What the exercise asks ::
Within the material below, locate the line with "クラシックカフェも開催しました。" and the line with "26. DİZTAŞ İNŞAAT", then return those two lines and all lines between them, exactly as written.

Information shown ::
■ ■ ■ ■ ■

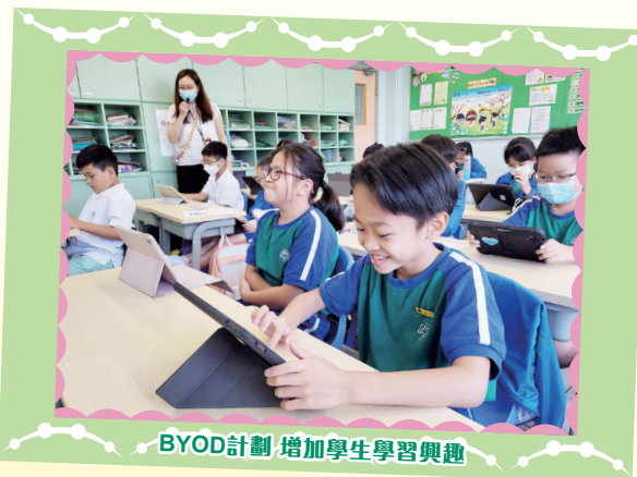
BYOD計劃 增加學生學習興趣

■ ■ ■ ■ ■

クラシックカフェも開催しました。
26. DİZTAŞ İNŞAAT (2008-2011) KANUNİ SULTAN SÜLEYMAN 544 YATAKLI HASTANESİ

■ ■ ■ ■ ■

Problem solution ::
クラシックカフェも開催しました。
26. DİZTAŞ İNŞAAT (2008-2011) KANUNİ SULTAN SÜLEYMAN 544 YATAKLI HASTANESİ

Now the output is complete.